Your original CUBLAS call:

cublasSgemm(cublas_handle,
    CUBLAS_OP_T, CUBLAS_OP_N,
    q_rows_num, x_rows_num, dim,
    &alpha, // 1
    q_device, q_rows_num,
    x, x_rows_num,
    &beta, // 0
    x_q_multiplication, q_rows_num);

was close to correct. Your interpretation of what the leading dimensions should be was correct. What you got wrong was the Op specifiers.
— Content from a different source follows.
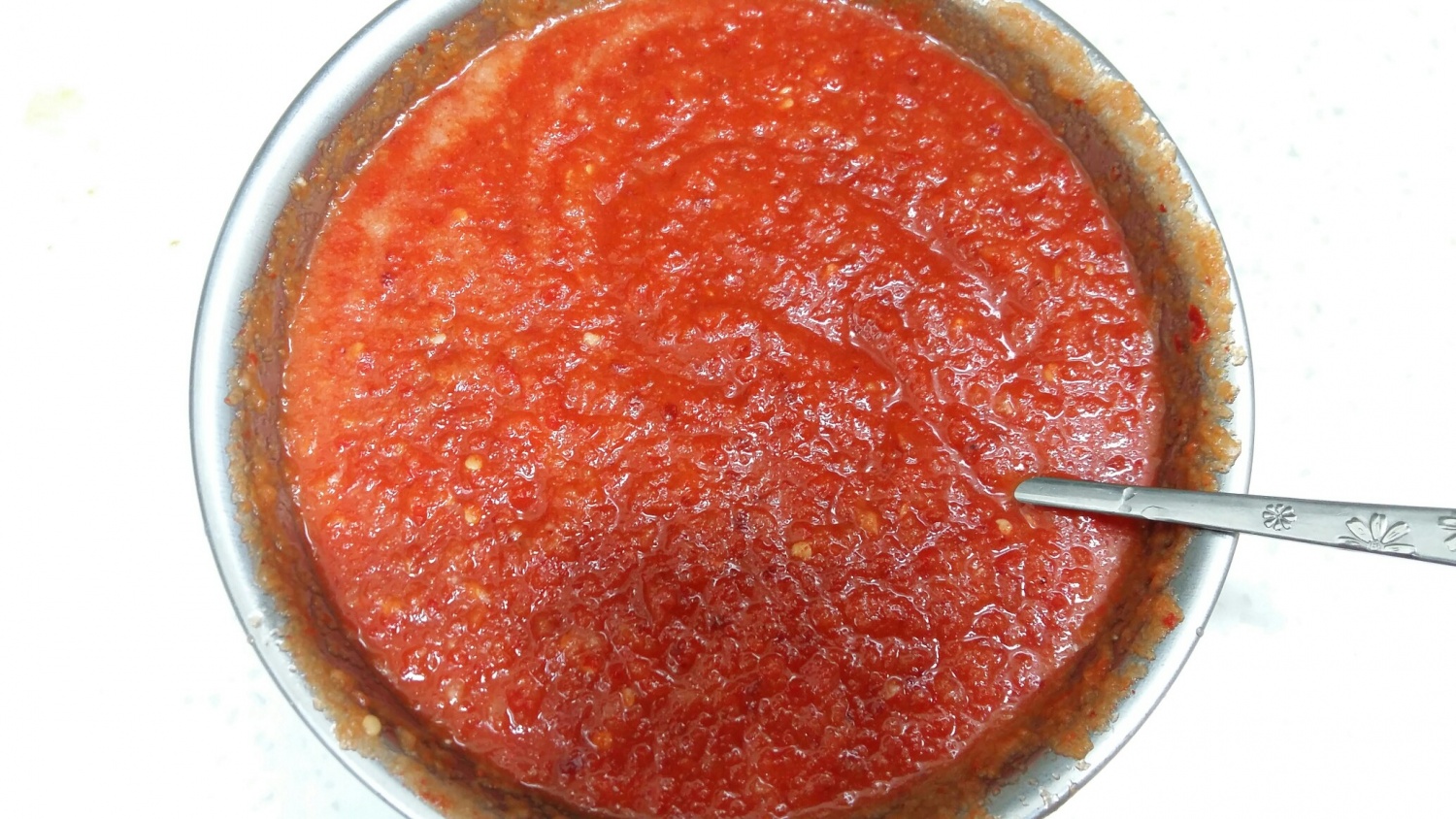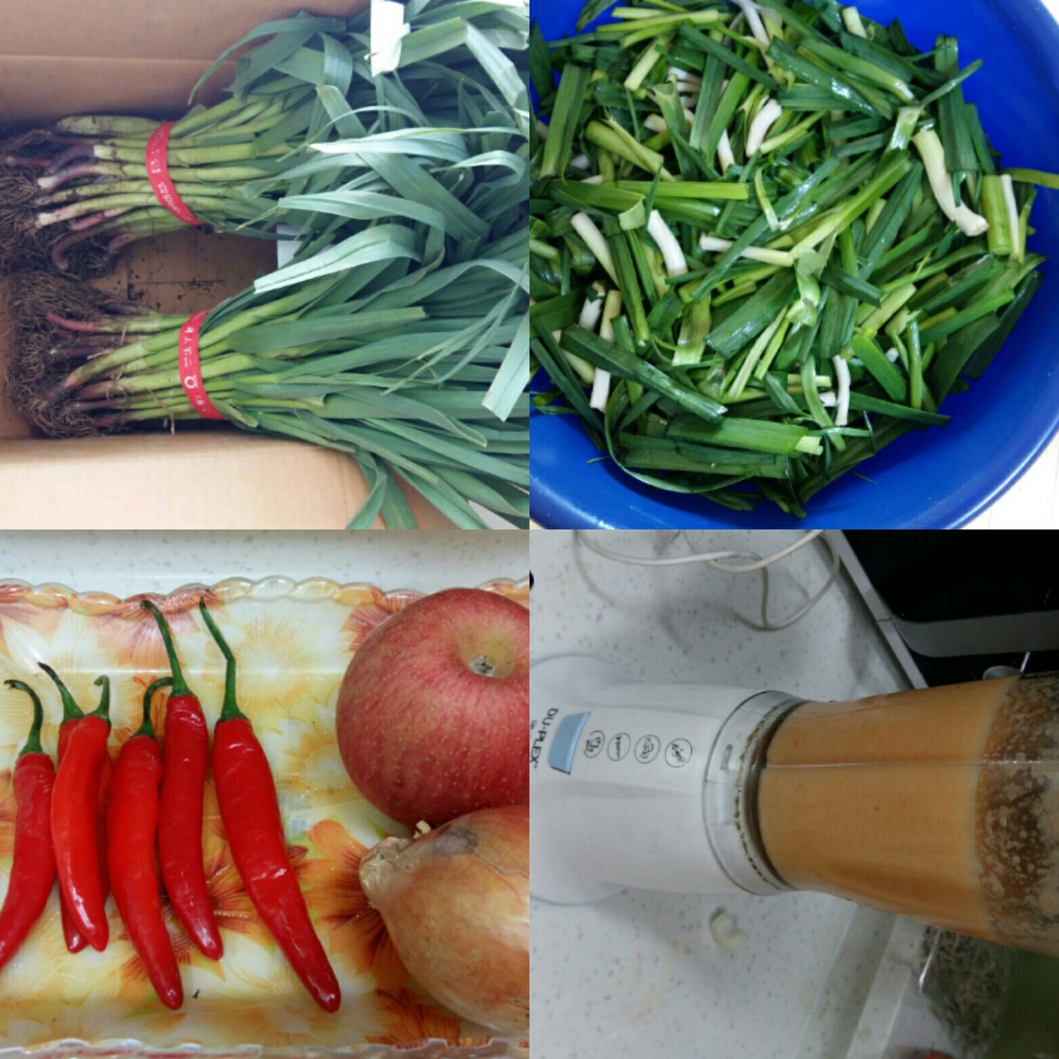 냉동실에서 김치양념해놨던거 꺼냈더니 조금모자라서 사과. 양파. 홍고추 넣고

If both matrices are row major ordered and the first array needs to be read in its (row major) transposed order, then the operation should be:

#include <cublas_v2.h>

#include <cstring>
#include <iostream>
#include <cuda.h>
#include <cuda_runtime.h>

int main()
{
    int x_rows_num = 4;
    int q_rows_num = 2;
    int dim = 3;

    int N = x_rows_num*dim;
    int M = q_rows_num*dim;

    float x0[12] = {0, 1, 2, 3, 4, 5, 6, 7, 8, 9, 10, 11};
    float q0[6]  = {3, 4, 5, 6, 7, 8 };

    float *x, *q, *x_q_multiplication;
    cudaMallocManaged(&x, N*sizeof(float));
    cudaMallocManaged(&q, M*sizeof(float));
    cudaMallocManaged(&x_q_multiplication, q_rows_num*x_rows_num*dim);

    std::memcpy(x, x0,  N*sizeof(float));
    std::memcpy(q, q0,  M*sizeof(float));

    float *q_device;
    cudaMallocManaged(&q_device, M*sizeof(float));
    cudaMemcpy(q_device, q, M*sizeof(float), cudaMemcpyHostToDevice);

    cublasHandle_t handle;
    cublasCreate(&handle);

    float alpha = 1.f;
    float beta = 0.f;
    cublasSgemm(handle,
            CUBLAS_OP_N, CUBLAS_OP_T,
            q_rows_num, x_rows_num, dim,
            &alpha, // 1
            q_device, q_rows_num,
            x, x_rows_num,
            &beta, // 0
            x_q_multiplication, q_rows_num);

    cudaDeviceSynchronize();

    for (int i = 0; i < q_rows_num*x_rows_num; i++) std::cout << x_q_multiplication[i] << " "; std::cout << std::endl;

    cudaFree(x);
    cudaFree(q);
    cudaFree(x_q_multiplication);
    return 0;
}

which does this for me:

$ nvcc -arch=sm_52 cublas_trans.cu -o cublas_trans -lcublas 
$ ./cublas_trans 
76 88 91 106 106 124 121 142 

and which I believe is the correct answer.

Incidentally, Robert Crovella's now deleted comment, which you say you take offense to was 100% correct. I suspect he read, as I did, your original CUBLAS call, interpreted the arguments and concluded, as I did, and as CUBLAS itself did, that you are trying to multiply a 3x4 matrix and a 3x2 matrix. Which is why the invalid argument error was raised.